A questão é que o dinheiro de Xuxa não é revertido em um estúdio menor onde além de gerar lucro, você pode apostar no diferente, no prestígio que uma obra interessante vai lhe render. Não, a conta de um novo filme da Xuxa, gera... outro filme da Xuxa, e apenas legítimos heróis conseguem passar pela doentia burocracia para obtenção de capital de patrocínio e lançar seu filme... em duas salas, por uma semana, na pior semana do ano. Essa é a regra.


Existem alguns produtores que tentam fugir desse estereótipo buscando recursos e apresentando resultados e lucro, mas também apostando no cinema "underground".


Os hermanos não têm a burocratização como entrave e tem a consciência de que não é apenas de milhões que é feita uma cinematografia e que o público precisa ter acesso e ser informado sobre mais do que a "TV na tela grande".


O Filme

Abutres é um thriller quase noir sobre um homem perdido em seu emprego detestável que se envolve com uma mulher que simboliza sua fuga e salvação de uma realidade dura e desgraçada. Ricardo Darin é o interprete desse homem amargurado e entorpecido pela condição de seu trabalho. Ele é Sosa, um "Abutre", um advogado que procura vítimas de acidentes de transito para aproveitar de sua dor e tentar transformá-los em clientes e com isso garantir boas indenizações, que acabam liquefazendo bons rendimentos para ele. A mulher com que ele se envolve é Luján (Martina Gusman) uma jovem médica que divide sua perturbadora rotina entre plantões na unidade de resgate e horas agoniantes no hospital.


Sosa se apaixona por Luján quando um de seus "esquemas" acaba dando muito errado e precisa salvar sua pele e a da jovem médica que acaba se envolvendo com ele.


O diretor Pablo Trapero aposta na crueza de sua história e abusa da câmera na mão, nos improvisos dos diálogos e na ambigüidade moral presente em quase todos os personagens para apontar ao espectador que tudo pode acontecer a qualquer momento. Apenas Luján é poupada e ela é tratada como a inocência que Sosa não tem mais e que tenta reconstruir a partir de seu relacionamento com a médica.


A história acontece numa Buenos Aires escurecida e apodrecida pela gente que nela vive. Não existe luz do sol em boa parte do filme, e quando ela surge é apenas para reforçar que a escuridão é parte integral daqueles personagens.


Escuridão que é reforçada pelo monumental e acidentalmente cômico final onde tudo que é possível acontecer, acontece e como em todo grande filme noir (que Abutres flerta sem piedade) de maneira trágica e dolorosa.

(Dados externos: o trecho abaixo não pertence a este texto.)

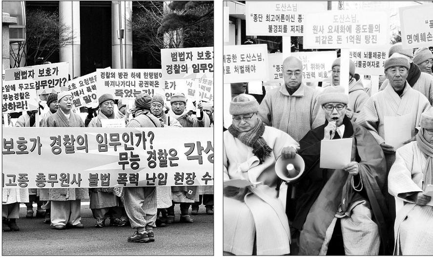
태고종 총무원장이 비상대책위의 23일 총무원사 점거로 촉발됐다. 태고종 집행부의 26일 경찰청 항의시위(사진 왼쪽)와 비대위측의 28일 기자회견 모습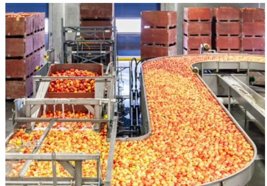
Nowe rozwiązania ułatwią funkcjonowanie grupom producentów rolnych

• Wprowadzono możliwość zmiany planu biznesowego dla organizacji producentów – wniosek o zmianę planu powinien być złożony do właściwego dyrektora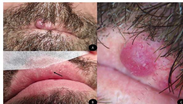
Figura 1 Nódulo eritematoso de superficie lisa localizado en labio superior de aspecto angioide (A), pápula eritematosa en mucosa interna de labio superior (flecha negra) (B). Patrón homogéneo eritematoso con áreas blanquecinas y vasos tortuosos dilatados (Dermlite® DL4, Dermlite LLC, EE. UU.) (C).

No se realizaron pruebas complementarias para el diagnóstico del paciente.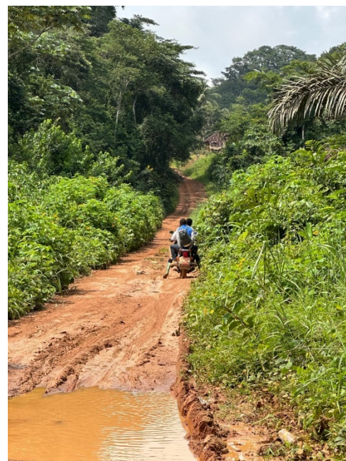
In foto: a sinistra la mappa del percorso, a destra la strada prima dell'avvio dei lavori.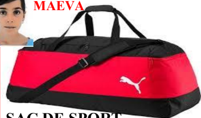
SAC DE SPORT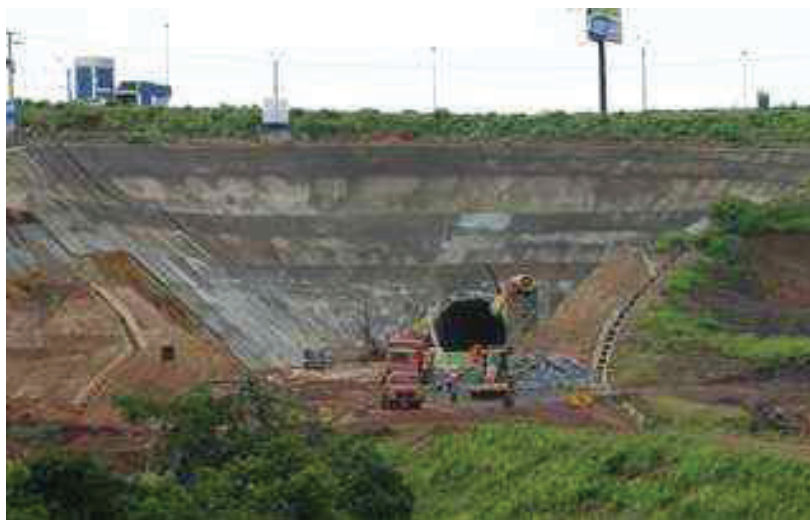
Figura 02. Marco Zero da FNS em Anápolis-GO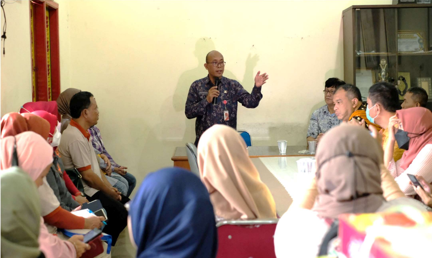
Asekbang memberikan arahan kepada pengurus RW 09 terkait kampung proklamasi.

Perekonomian & Pemb 23 Feb, 2023 Reporter: Vhatra | Editor: Andreas Pamakayo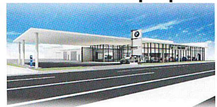
● I dex BMW 宮崎中央店 / 花ヶ島町柳の丸528-1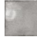
COOL GREY 24099 EQ-3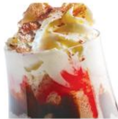
Фраппе «Эммануэль» Frappe Emmanuelle Эспрессо, сливки, мороженое, лёд, взбитые сливки, соусы. 400мл, 235р.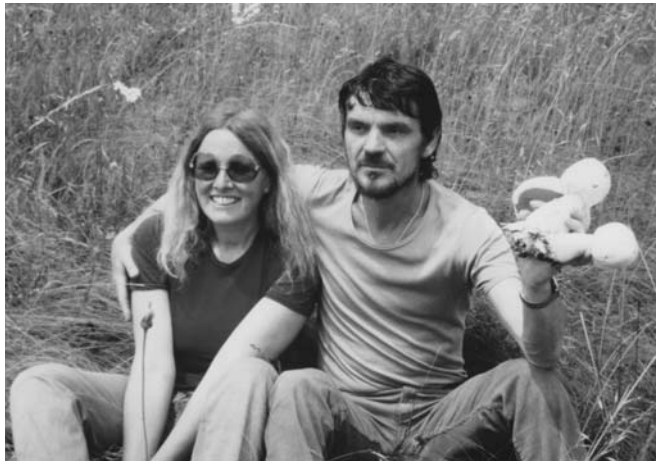
Gombavadászaton a Börzsönyben

Kortársnak is küldtem írásokat, jól fogadtak. Ez az időszak az ötvenes évek – és jó néhány szocialistának nevezett országban tovább uralkodó – dogmatikusságának óvatos levedlési ideje volt, fiatalon persze örjítően lassúnak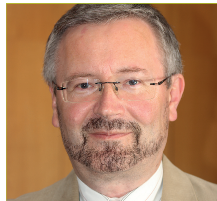
von Frank Oertel

Aus einer Anforderung einer Personalversammlung, vom 15. März 2017, entwickelte sich eine aufschlussreiche Ausarbeitung zum Thema „Bezüggemittelung erläutern/VBL“.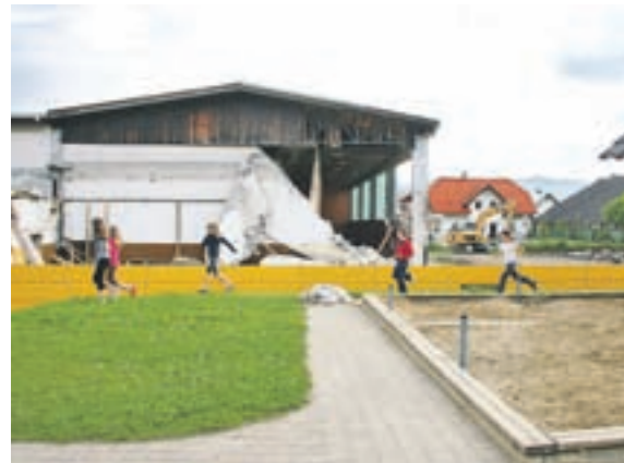
Rušenje dotrajane telovadnice pri OŠ Žirovnica

”Predvidevamo, da po dopustih, saj naj bi direkcija za ceste že izbrala izvajalca, sredstva pa so zagotovljena tako v državnem kot občinskem proračunu.”

O grande destaque são os dois atores, em especial Martina, que exala credibilidade em suas ações e desaba de maneira doce e realista quando suas emoções (que a personagem tanto tem de camuflar) são vertidas em lágrimas doloridas. E Darin, é um ator de extrema competência, capaz de se transformar em diferentes tipos, diferentes homens em cada um de seus filmes. Se em Segredo de seus Olhos víamos a inocência e o olhar resignado e toda a dificuldade para se expor, sempre pisando em muitos ovos, em Abutres vemos o desespero, vemos o fracassado e a cada minuto este fracasso torna-se mais latente e inevitável. Sosa é antes de tudo um homem de ação, por mais que suas palavras façam dele um Abutre, são seus atos que reforçam e sacramentam essa condição. A cada novo passo dado, Sosa transforma-se no pássaro comedor de carniça, tentando sair da lama, mas fadado a terminar sua existência se alimentando dos restos dos demais.



Abutres funciona muito bem, porque consegue apresentar uma fauna de personagens rica, e tridimensional, gente que podemos ter cruzado em diferentes momentos de nossa vida, que no filme são Abutres... ou carniça.


O público ávido pela virulência e pelas gotas de sangue de um confronto e capturado pela intensidade de cada nova ação, inicia a projeção como Abutres sedentos pela carniça, e ao fechar a íris do último frame do filme, toma noção de que durante pouco mais de uma hora e meia foi sendo digerido pelos Abutres de verdade: a humanidade e sua capacidade inerente de destruir-se pela ganância e transformar cada um de seus dias em ofensas ao destino.